> **Task requirements**
Among the entries that follow, the required portion opens with the line containing "Doppelseitige negative Drehwendeschneidplatte" and closes with the line containing "Szafa 90 cm". Give that portion again exactly, and nothing else.

--- Provided data ---

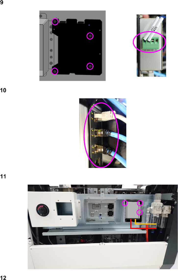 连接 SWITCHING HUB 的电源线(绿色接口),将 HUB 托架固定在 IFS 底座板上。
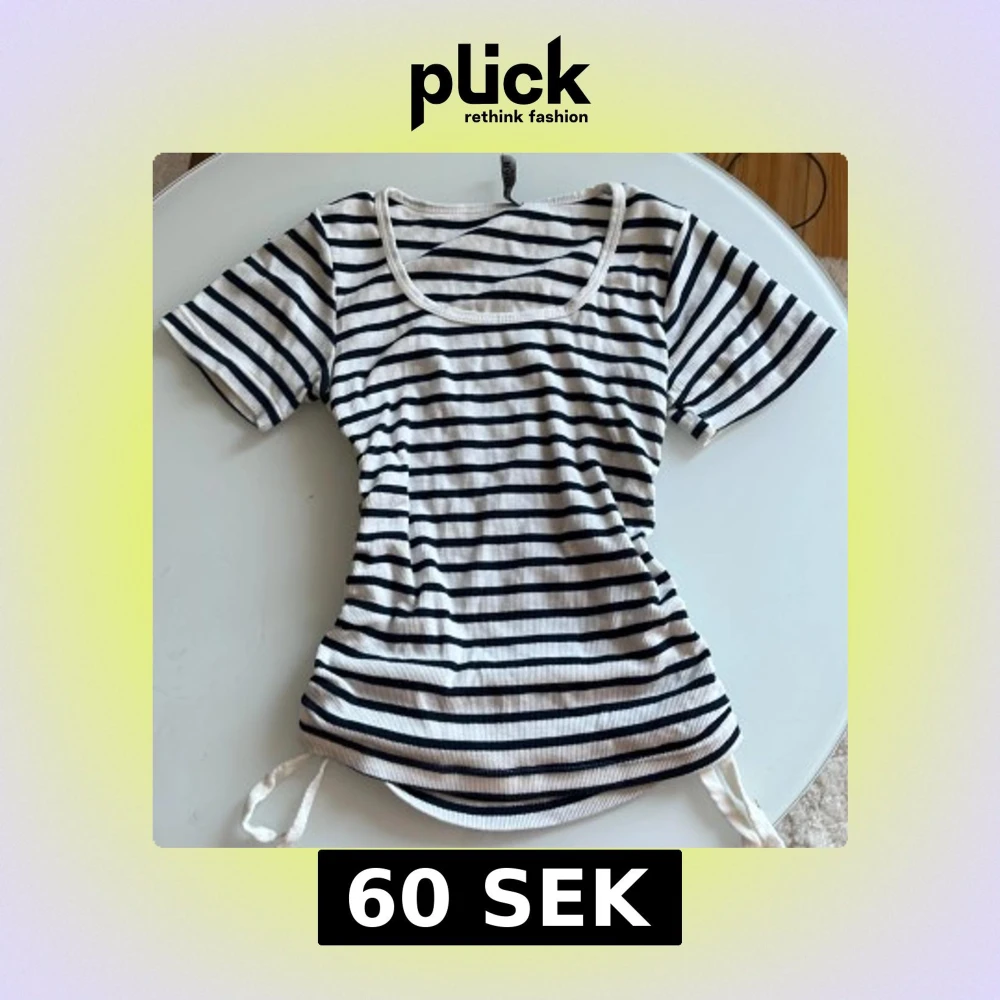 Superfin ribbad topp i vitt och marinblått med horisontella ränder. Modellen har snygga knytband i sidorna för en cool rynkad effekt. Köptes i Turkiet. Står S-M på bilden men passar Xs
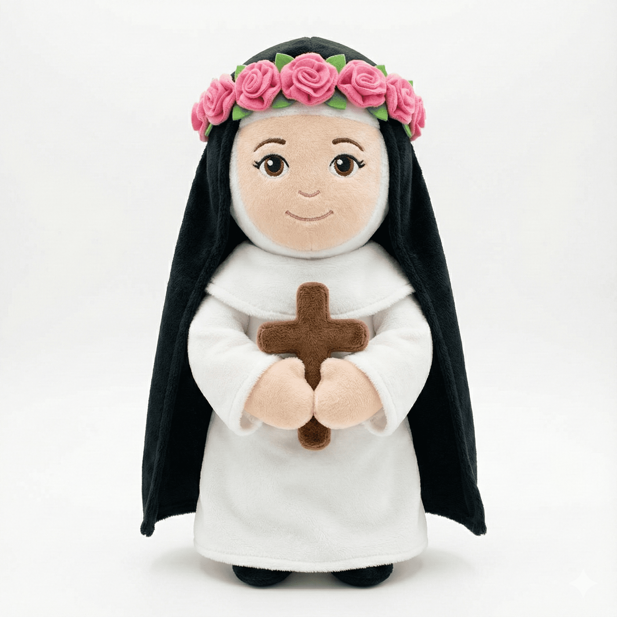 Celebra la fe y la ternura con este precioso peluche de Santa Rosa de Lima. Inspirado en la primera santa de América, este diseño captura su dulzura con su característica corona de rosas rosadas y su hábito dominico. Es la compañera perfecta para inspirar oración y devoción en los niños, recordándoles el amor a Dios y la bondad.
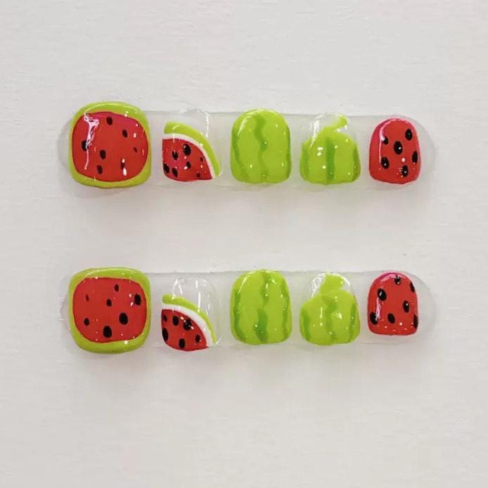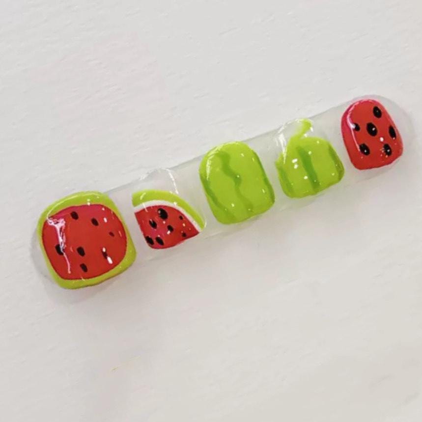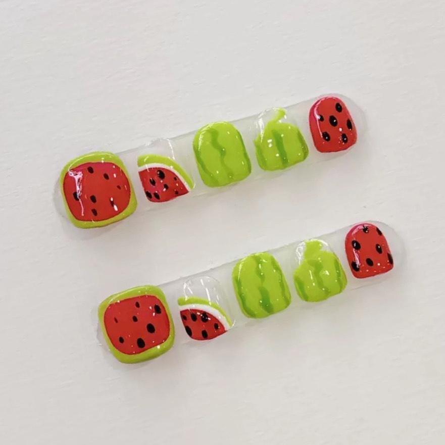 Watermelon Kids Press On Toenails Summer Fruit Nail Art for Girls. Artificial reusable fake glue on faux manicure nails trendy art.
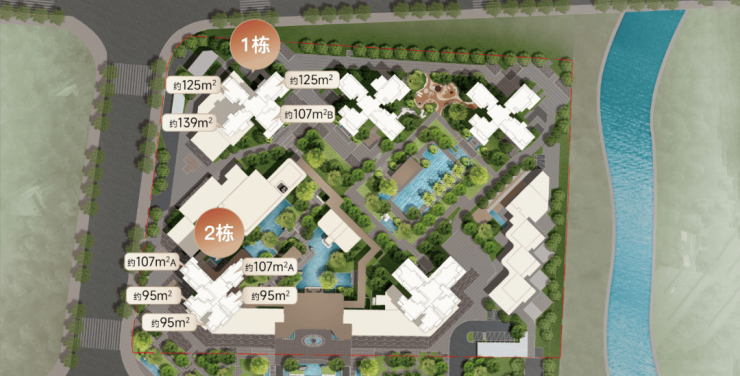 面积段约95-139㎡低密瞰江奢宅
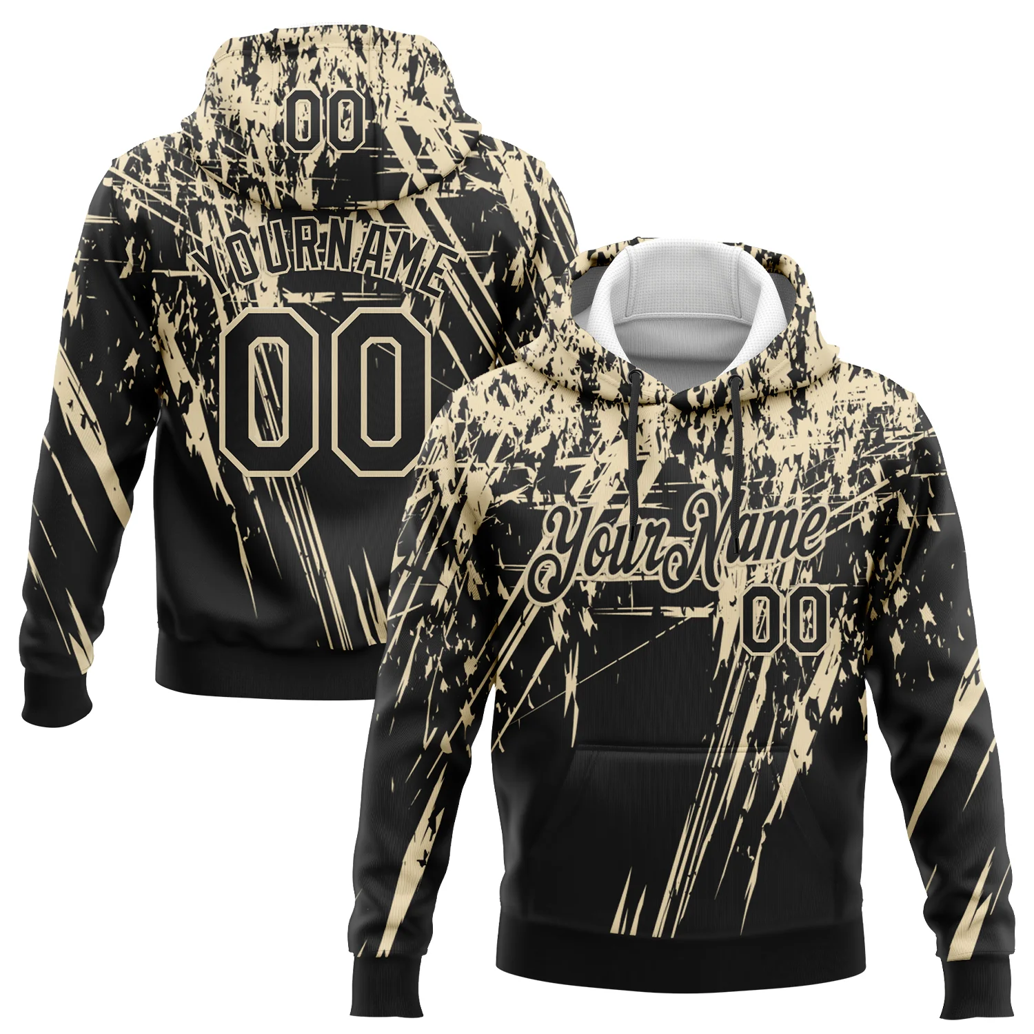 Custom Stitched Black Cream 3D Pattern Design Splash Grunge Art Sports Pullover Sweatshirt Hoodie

---
--- Provided data ---

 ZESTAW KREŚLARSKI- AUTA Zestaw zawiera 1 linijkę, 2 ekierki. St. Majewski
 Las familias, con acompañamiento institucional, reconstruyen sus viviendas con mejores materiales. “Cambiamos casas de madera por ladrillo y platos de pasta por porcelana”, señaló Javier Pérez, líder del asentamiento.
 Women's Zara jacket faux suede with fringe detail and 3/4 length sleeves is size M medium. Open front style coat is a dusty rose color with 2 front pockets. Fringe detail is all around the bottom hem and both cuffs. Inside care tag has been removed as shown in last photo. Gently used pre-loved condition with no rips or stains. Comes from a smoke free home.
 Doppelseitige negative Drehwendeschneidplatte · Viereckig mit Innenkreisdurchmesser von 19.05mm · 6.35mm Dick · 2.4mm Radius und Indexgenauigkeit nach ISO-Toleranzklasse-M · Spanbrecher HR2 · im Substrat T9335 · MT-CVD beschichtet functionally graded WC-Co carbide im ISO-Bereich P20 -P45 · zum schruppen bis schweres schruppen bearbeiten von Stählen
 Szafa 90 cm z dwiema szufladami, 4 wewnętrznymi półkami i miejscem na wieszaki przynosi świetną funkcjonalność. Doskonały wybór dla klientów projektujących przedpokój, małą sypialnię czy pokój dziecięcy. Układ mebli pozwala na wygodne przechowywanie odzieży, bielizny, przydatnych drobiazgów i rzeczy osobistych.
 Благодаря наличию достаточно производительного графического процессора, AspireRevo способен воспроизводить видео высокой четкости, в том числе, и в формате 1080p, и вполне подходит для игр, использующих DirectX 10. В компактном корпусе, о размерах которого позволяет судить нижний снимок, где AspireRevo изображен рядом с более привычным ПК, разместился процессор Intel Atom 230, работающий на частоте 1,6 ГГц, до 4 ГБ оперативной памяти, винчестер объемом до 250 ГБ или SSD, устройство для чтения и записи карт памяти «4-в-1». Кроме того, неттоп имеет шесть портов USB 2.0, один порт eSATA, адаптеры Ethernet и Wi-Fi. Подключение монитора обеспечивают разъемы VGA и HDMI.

---
--- Provided data ---

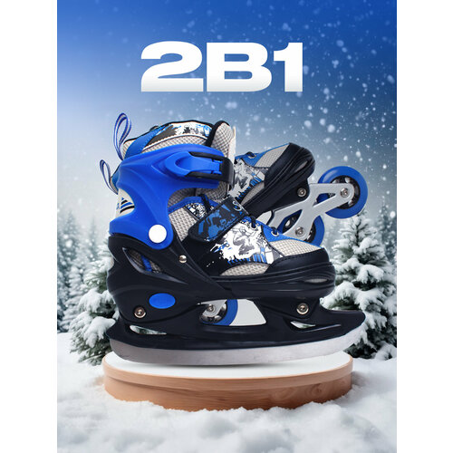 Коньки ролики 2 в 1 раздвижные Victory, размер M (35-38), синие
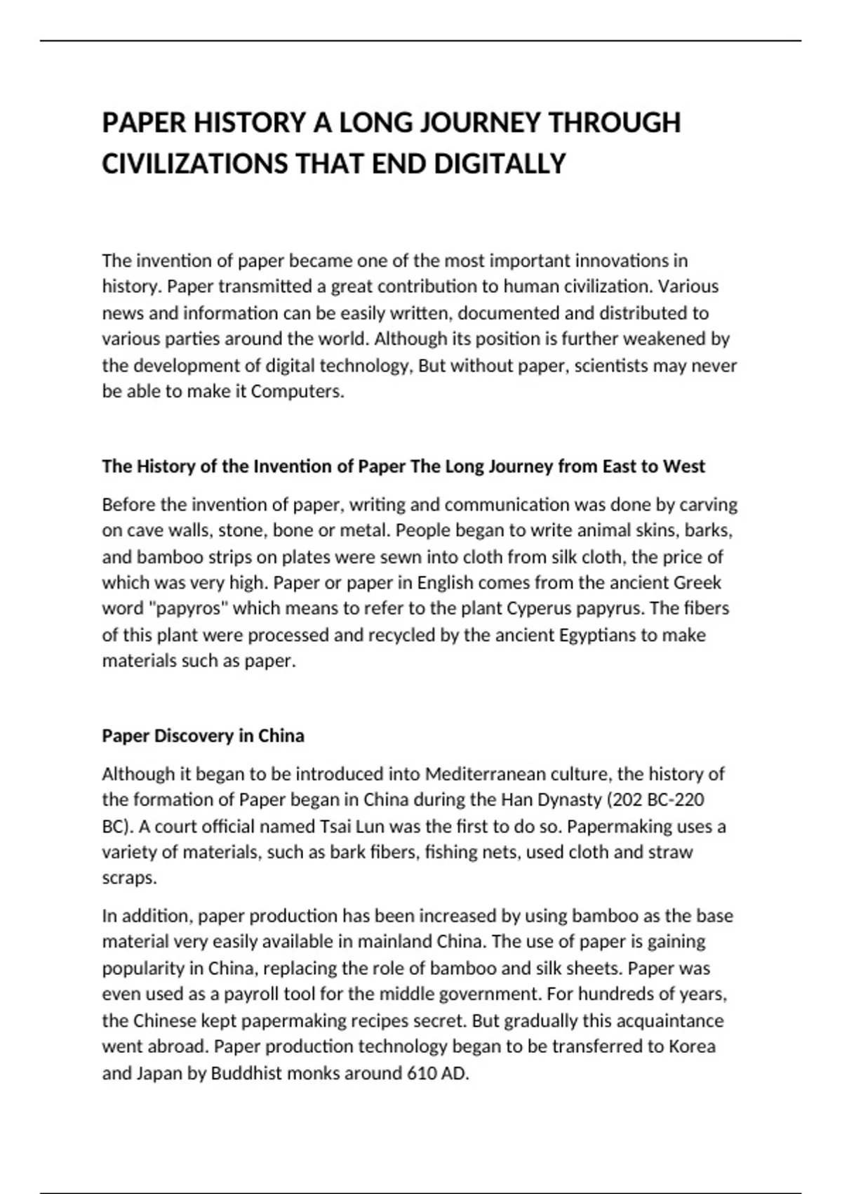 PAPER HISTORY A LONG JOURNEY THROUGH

---

> **Exercise answer**
 Doppelseitige negative Drehwendeschneidplatte · Viereckig mit Innenkreisdurchmesser von 19.05mm · 6.35mm Dick · 2.4mm Radius und Indexgenauigkeit nach ISO-Toleranzklasse-M · Spanbrecher HR2 · im Substrat T9335 · MT-CVD beschichtet functionally graded WC-Co carbide im ISO-Bereich P20 -P45 · zum schruppen bis schweres schruppen bearbeiten von Stählen
 Szafa 90 cm z dwiema szufladami, 4 wewnętrznymi półkami i miejscem na wieszaki przynosi świetną funkcjonalność. Doskonały wybór dla klientów projektujących przedpokój, małą sypialnię czy pokój dziecięcy. Układ mebli pozwala na wygodne przechowywanie odzieży, bielizny, przydatnych drobiazgów i rzeczy osobistych.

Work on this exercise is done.